Aristoteles adalah peletak dasar ‘doktrin sillogisme’ yang sangat berpengaruh terhadap perkembangan pemimiran di Eropa sampai dengan munculnya Era Renaisance. Sillogisme adalah argumentasi dan cara penalaran yang terdiri dari tiga buah pernyataan, yaitu sebagai premis mayor, premis minor dan konklusi.
Pada aliran Tesis, setelah masa Plato, juga terdapat seorang filsuf sekaligus matematikawan yang sangat terkenal hingga sekarang, dia adalah Rene Descartes.

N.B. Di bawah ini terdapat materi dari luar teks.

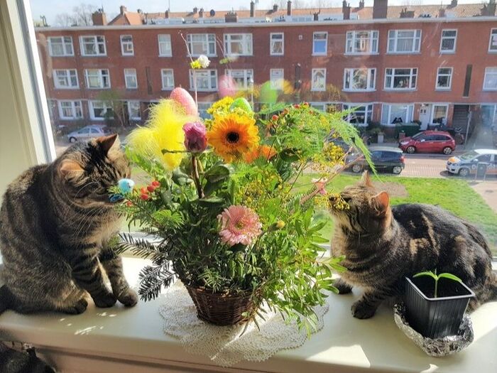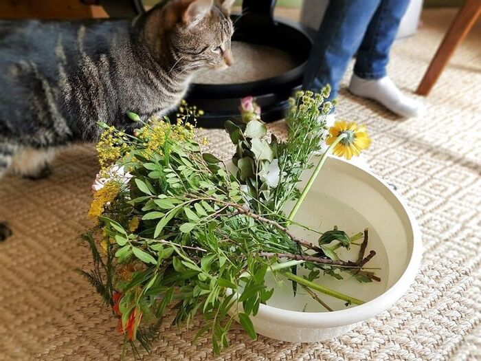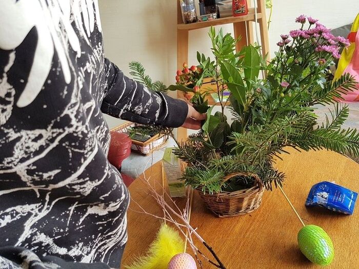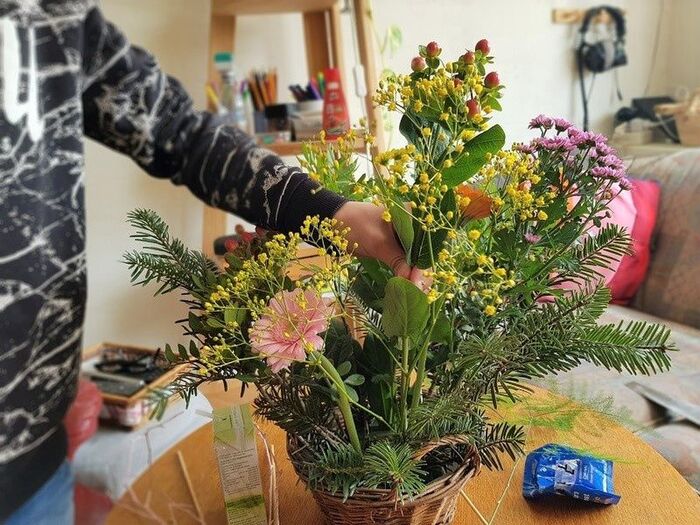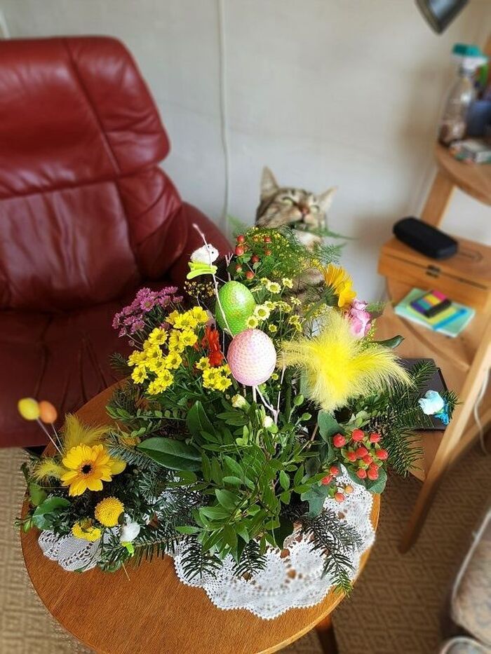 本当は、飾り用の卵やヒヨコのクリップだけを買い足したかったのですが、ロックダウンの影響でふら~っとお店に行けません。唯一ふら~っと入れるスーパーで花束を見て、ブーケをオアシスに差すというお手軽アイディアが閃きました。お飾り付きなのも嬉しい!

Descartes memiliki misi filsafat, yaitu berusaha memperoleh pengetahuan yang tidak dapat diragukan. Metodenya adalah ia meragukan semua pengetahuan yang ada. Dari keraguan tersebut, Descrates hendak mencari pengetahuan apa yang tidak dapat diragukan. Yang akhirnya mengantarkan pada premisnya Cogito Ergo Sum (aku berpikir maka aku ada). Baginya eksistensi pikiran manusia adalah sesuatu yang absolut dan tidak dapat diragukan. Sebab meskipun pemikirannya tentang sesuatu salah, pikirannya tertipu oleh suatu matriks, ia ragu akan segalanya, tidak dapat diragukan lagi bahwa pikiran itu sendiri ada.Pikiran sendiri bagi Descrates ialah suatu benda berpikir yang bersifat mental ( res cogitans ) bukan bersifat fisik atau material, yang kemudian Descartes membuktikan filsafat bahwa Tuhan itu ada. Bagi Descrates, realitas terdiri dari tiga hal. Yakni benda material yang terbatas (objek-objek fisik seperti meja, kursi, tubuh manusia,dsb), benda mental-non material yang terbatas (pikiran dan jiwa manusia), serta benda mental yang tak terbatas (Tuhan).Ia juga membedakan antara pikiran manusia dan tubuh fisik manusia. Pembagian ini juga mengantarkannya pada pembagian keilmuan. Realitas material sebagai ranah bagi keilmuan baru yang di bawa Galileo dan Copernicus, realitas mental bagi keilmuan dalam bidang agama, etika, dan sejenisnya.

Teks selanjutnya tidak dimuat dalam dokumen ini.